How can I use my own runtime?

I have rebuilt my runtime image and pushed it to my repository in Dockerhub, but I don't know how to change rest-server config to use it. Can anyone help?

Init blocked in image_checker.py>connectionpool.py, while the job remains waiting.

init.log:

+ CHILD_PROCESS=UNKNOWN
+ trap exit_handler EXIT
+ PAI_WORK_DIR=/usr/local/pai
+ PAI_CONFIG_DIR=/usr/local/pai-config
+ PAI_INIT_DIR=/usr/local/pai/init.d
+ PAI_RUNTIME_DIR=/usr/local/pai/runtime.d
+ PAI_LOG_DIR=/usr/local/pai/logs/a1333840-bc83-4844-b34d-a514d3ecb2e6
+ PAI_SECRET_DIR=/usr/local/pai/secrets
+ PAI_USER_EXTENSION_SECRET_DIR=/usr/local/pai/user-extension-secrets
+ PAI_TOKEN_SECRET_DIR=/usr/local/pai/token-secrets
+ chmod a+rw /usr/local/pai/logs/a1333840-bc83-4844-b34d-a514d3ecb2e6
+ find /usr/local/pai/logs/a1333840-bc83-4844-b34d-a514d3ecb2e6 -maxdepth 1 -type f '!' -name init.log
+ LOG_FILES=
+ '[[' '!' -z  ]]
+ find /usr/local/pai -maxdepth 1 -mindepth 1 '!' -name logs -exec rm -rf '{}' ';'
rm: can't remove '/usr/local/pai/user-extension-secrets/..data': Read-only file system
rm: can't remove '/usr/local/pai/user-extension-secrets/userExtensionSecrets.yaml': Read-only file system
rm: can't remove '/usr/local/pai/user-extension-secrets/..2021_10_31_09_21_19.825915050/userExtensionSecrets.yaml': Read-only file system
+ mv ./__init__.py ./common ./init ./init.d ./package_cache ./plugins ./requirements.txt ./runtime ./runtime.d /usr/local/pai
+ cd /usr/local/pai
+ '[[' true '=' true ]]
+ CHILD_PROCESS=FRAMEWORK_BARRIER
+ echo 'frameworkbarrier start'
frameworkbarrier start
+ '[[' -f /var/run/secrets/kubernetes.io/serviceaccount/token ]]

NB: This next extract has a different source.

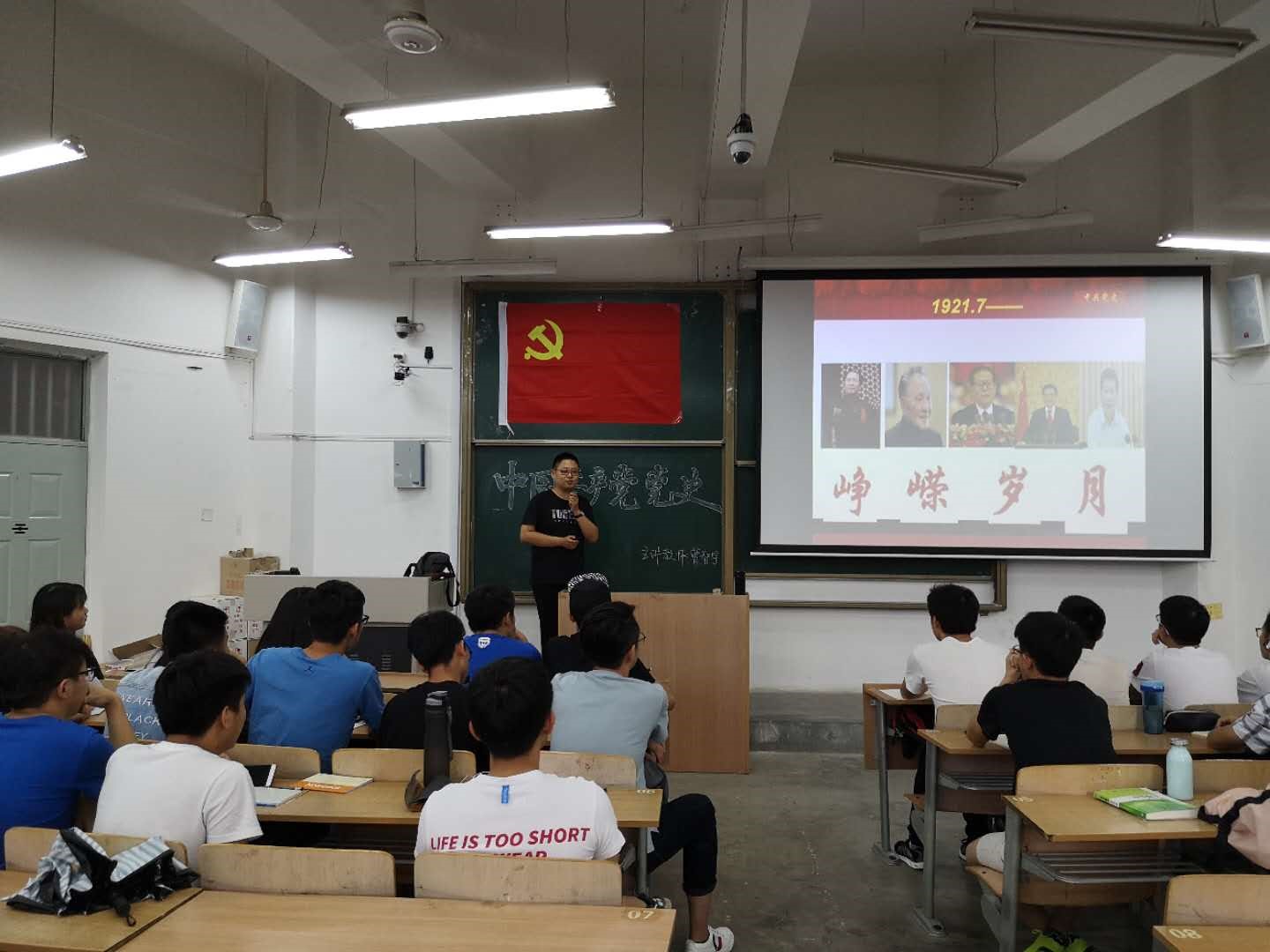 通过ppt的展示,曹智宇老师带领大家回顾了中国共产党诞生初期的艰辛,到现如今变得日益强大,这一段鼓舞人心、令人心潮澎湃的伟大经历。纵观历史长河,党的发展历程,取得的一切成就,是一代又一代中国共产党人不断奋斗的结果。他提到,作为一名即将加入党组织的积极分子,一名青年党员,更要不负这个伟大的新时代,在实现中国梦的实践中放飞青春梦想。

+ unset KUBE_APISERVER_ADDRESS
+ /usr/local/pai/init.d/frameworkbarrier
+ tee /usr/local/pai/logs/a1333840-bc83-4844-b34d-a514d3ecb2e6/barrier.log
I1031 09:21:22.909826      15 barrier.go:211] Initializing frameworkbarrier
I1031 09:21:22.910057      15 barrier.go:214] With Config: 
kubeApiServerAddress: ""
kubeConfigFilePath: ""
frameworkNamespace: default
frameworkName: c584ad33319d4553e4054ab6777cf38d
barrierCheckIntervalSec: 10
barrierCheckTimeoutSec: 600
W1031 09:21:22.910094      15 client_config.go:549] Neither --kubeconfig nor --master was specified.  Using the inClusterConfig.  This might not work.

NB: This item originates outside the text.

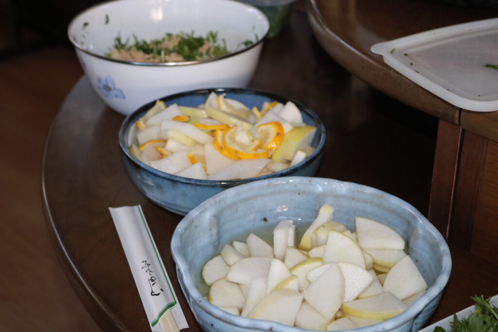 事務所の玄関に大根や白菜

I1031 09:21:22.911898      15 barrier.go:227] Running frameworkbarrier
I1031 09:21:22.934270      15 barrier.go:322] BarrierPassed: 1/1 Tasks are ready with not nil PodIP.

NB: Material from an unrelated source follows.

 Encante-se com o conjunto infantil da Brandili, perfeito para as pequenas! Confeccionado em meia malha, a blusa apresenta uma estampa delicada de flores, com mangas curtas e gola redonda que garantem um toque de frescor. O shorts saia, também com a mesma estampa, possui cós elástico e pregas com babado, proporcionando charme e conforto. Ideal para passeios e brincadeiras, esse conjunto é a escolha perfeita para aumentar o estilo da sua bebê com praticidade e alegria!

I1031 09:21:22.934299      15 barrier.go:267] BarrierSucceeded: All Tasks are ready with not nil PodIP.
I1031 09:21:22.938656      15 barrier.go:350] Succeeded to dump the Framework object to local file: ./framework.json
I1031 09:21:22.938780      15 barrier.go:451] Succeeded to generate the injector script to local file: ./injector.sh
I1031 09:21:22.938962      15 barrier.go:459] ExitCode: 0: Exit with success.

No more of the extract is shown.